2 miles of ice!   that's a lot!   Have any of you ever read about those WWII planes (or WWI, can't remember) that were buried in ice?   It was amazing how much ice covered these planes in a short, known amount of time.    I'll have to dig that up.   (no pun intended)


----------



## BANDERSNATCH (Oct 11, 2011)

article about buried WWII planes.   260 feet of ice covered them in 'only' 50 years.

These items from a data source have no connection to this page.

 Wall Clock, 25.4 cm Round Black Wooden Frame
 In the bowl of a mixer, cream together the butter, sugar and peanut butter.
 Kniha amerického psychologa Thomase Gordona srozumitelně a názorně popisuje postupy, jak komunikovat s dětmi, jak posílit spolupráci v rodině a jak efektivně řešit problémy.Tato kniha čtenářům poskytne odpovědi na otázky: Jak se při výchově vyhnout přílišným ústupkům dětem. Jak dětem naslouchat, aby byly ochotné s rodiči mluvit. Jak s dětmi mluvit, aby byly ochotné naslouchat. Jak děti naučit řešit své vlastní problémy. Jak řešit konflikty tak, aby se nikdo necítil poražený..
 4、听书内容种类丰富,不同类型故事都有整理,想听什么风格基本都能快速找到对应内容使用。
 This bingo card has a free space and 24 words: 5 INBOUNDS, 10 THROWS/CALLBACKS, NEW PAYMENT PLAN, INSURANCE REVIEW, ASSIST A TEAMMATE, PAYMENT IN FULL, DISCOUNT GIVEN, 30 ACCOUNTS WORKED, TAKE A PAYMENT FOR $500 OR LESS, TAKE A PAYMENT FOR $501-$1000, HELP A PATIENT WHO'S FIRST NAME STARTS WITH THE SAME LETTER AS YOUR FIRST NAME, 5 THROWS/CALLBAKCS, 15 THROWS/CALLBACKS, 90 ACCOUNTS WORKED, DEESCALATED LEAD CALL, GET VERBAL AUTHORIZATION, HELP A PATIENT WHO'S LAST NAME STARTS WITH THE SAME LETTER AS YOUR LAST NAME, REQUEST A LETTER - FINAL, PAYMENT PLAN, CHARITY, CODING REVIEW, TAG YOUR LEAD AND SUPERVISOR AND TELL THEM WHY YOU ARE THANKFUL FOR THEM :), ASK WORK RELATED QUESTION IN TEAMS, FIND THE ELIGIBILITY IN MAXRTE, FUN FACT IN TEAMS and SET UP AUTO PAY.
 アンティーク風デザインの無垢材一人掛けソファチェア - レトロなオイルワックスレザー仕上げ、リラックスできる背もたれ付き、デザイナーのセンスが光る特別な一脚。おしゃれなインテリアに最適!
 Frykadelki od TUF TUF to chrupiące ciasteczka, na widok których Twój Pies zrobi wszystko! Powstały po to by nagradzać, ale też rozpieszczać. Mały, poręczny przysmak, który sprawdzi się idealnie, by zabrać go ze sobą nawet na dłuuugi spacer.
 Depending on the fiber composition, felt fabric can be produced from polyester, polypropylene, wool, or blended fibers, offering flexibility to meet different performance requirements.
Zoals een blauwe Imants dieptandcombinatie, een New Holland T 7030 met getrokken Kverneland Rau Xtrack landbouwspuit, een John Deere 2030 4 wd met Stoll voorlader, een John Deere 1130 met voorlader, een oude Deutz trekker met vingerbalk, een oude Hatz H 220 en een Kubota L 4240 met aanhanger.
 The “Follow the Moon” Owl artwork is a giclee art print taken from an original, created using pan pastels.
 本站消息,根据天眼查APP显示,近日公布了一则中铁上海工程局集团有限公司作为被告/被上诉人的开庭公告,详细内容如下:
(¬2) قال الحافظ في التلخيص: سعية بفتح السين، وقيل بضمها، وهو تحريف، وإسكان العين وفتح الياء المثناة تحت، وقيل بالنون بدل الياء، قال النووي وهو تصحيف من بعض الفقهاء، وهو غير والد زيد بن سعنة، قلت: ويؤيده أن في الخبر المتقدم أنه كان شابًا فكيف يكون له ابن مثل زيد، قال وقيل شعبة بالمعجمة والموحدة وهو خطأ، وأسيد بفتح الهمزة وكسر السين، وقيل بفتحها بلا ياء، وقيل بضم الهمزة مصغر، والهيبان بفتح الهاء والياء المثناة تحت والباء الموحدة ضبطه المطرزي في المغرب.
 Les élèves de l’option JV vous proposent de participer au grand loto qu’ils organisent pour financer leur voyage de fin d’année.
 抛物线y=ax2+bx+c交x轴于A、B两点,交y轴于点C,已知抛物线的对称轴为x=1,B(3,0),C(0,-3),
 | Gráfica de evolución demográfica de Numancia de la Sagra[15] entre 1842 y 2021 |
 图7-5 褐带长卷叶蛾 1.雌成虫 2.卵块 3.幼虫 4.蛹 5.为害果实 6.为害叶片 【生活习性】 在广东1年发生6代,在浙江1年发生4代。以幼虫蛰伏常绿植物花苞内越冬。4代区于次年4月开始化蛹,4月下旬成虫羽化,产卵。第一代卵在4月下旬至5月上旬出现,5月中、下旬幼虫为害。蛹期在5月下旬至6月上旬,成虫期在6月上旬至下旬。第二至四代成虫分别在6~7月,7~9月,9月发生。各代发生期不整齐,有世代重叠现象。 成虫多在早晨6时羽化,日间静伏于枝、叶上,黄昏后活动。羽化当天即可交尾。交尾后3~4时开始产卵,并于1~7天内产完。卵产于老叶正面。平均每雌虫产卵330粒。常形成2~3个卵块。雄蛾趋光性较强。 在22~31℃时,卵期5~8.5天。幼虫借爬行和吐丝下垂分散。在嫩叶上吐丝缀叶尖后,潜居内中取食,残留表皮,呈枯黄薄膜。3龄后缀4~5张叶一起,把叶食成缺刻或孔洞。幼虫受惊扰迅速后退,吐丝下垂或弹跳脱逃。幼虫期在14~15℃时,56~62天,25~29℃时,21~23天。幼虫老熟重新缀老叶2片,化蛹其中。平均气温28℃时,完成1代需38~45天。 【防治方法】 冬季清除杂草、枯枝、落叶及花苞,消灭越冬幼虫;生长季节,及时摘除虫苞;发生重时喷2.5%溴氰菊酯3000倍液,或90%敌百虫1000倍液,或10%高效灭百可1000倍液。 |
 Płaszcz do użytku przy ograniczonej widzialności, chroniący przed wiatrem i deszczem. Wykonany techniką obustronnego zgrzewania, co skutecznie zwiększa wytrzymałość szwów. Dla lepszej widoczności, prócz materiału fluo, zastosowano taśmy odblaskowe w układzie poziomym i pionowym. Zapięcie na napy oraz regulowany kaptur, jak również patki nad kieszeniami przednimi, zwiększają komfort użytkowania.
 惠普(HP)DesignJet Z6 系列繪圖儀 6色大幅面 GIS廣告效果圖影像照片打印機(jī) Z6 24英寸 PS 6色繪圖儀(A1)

http://www.nytimes.com/1988/08/04/u...-found-in-greenland-in-ice-260-feet-deep.html


----------



## bigreddwon (Oct 11, 2011)

Ive heard about mammoth meat that was preserved so well it could be thawed out , cooked and eaten. Don't know how true it was.


----------



## Nicodemus (Oct 11, 2011)

bigreddwon said:


> Ive heard about mammoth meat that was preserved so well it could be thawed out , cooked and eaten. Don't know how true it was.





True, a good many have been found frozen intact, and it has been sampled by a few, but I doubt if it was really good to eat, so to speak. Folks tend to think mammoths are found frozen and encased in a block of ice, all clean and slicked up. In reality, most are found frozen in mud, and look purty bad. Think of a long haired hog, flash frozen in a mudhole, and you`ll be close.


----------



## bigreddwon (Oct 11, 2011)

Nicodemus said:


> True, a good many have been found frozen intact, and it has been sampled by a few, but I doubt if it was really good to eat, so to speak. Folks tend to think mammoths are found frozen and encased in a block of ice, all clean and slicked up. In reality, most are found frozen in mud, and look purty bad. Think of a long haired hog, flash frozen in a mudhole, and you`ll be close.



Is it normal that I'm hungry now?


----------



## Six million dollar ham (Oct 11, 2011)

I didn't know there's a Southern Ocean.  Good to know.


----------



## StriperAddict (Oct 12, 2011)

bigreddwon said:


> Is it normal that I'm hungry now?



Yeah, that's for sure.  I was getting hopeful until Nic's post  !


----------